◆ **TASK BRIEF**: Repeat the listing below line by line, exactly, leaving its pictures behind.

◆ **PROVIDED MATERIAL**:

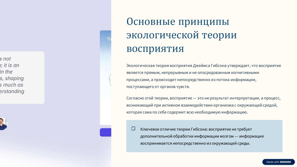 Согласно этой теории, восприятие — это не результат интерпретации, а процесс,
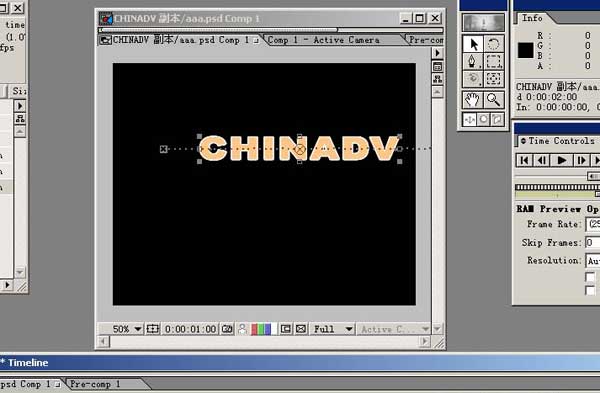 再把该字层自身做嵌套。为什么要做嵌套?因为我的这个字层是photoshop中的一层,大家都知道该层的大小就是字本身的长宽,而在做displacement map置换时,需要在同尺寸、同位置进行变换,我的a.tga文件是720*576大小,因此该字层也要720*576,嵌套后他的大小就是720*576。
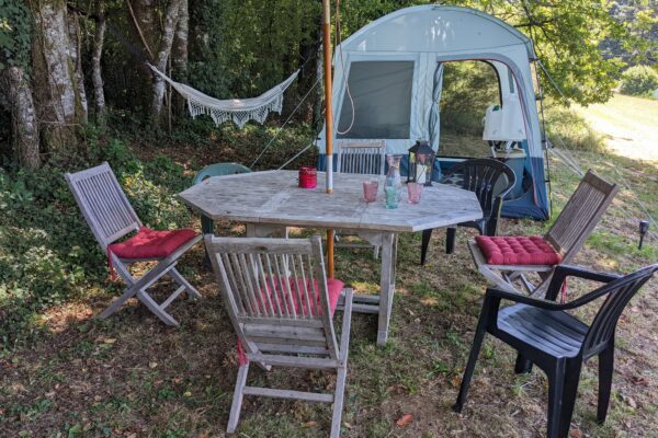 Op Les Saules is het ouderwets kamperen. Hele mooie plaatsen voor tenten, caravans, vouwwagens en campers. Het tentenbos ligt achter de boerderij en alle plaatsen ( 1 t/m 11) zijn heel prive. Rondom de heuvel hebben we plek voor de grotere caravans en campers met vrij uitzicht. Het onderste gedeelte van de camping is een mix van alle kampeermiddelen. Mooie ruime plekken met schaduw en zon en altijd prive.

◆ **WRITTEN SOLUTION**:
 Согласно этой теории, восприятие — это не результат интерпретации, а процесс,
 再把该字层自身做嵌套。为什么要做嵌套?因为我的这个字层是photoshop中的一层,大家都知道该层的大小就是字本身的长宽,而在做displacement map置换时,需要在同尺寸、同位置进行变换,我的a.tga文件是720*576大小,因此该字层也要720*576,嵌套后他的大小就是720*576。
 Op Les Saules is het ouderwets kamperen. Hele mooie plaatsen voor tenten, caravans, vouwwagens en campers. Het tentenbos ligt achter de boerderij en alle plaatsen ( 1 t/m 11) zijn heel prive. Rondom de heuvel hebben we plek voor de grotere caravans en campers met vrij uitzicht. Het onderste gedeelte van de camping is een mix van alle kampeermiddelen. Mooie ruime plekken met schaduw en zon en altijd prive.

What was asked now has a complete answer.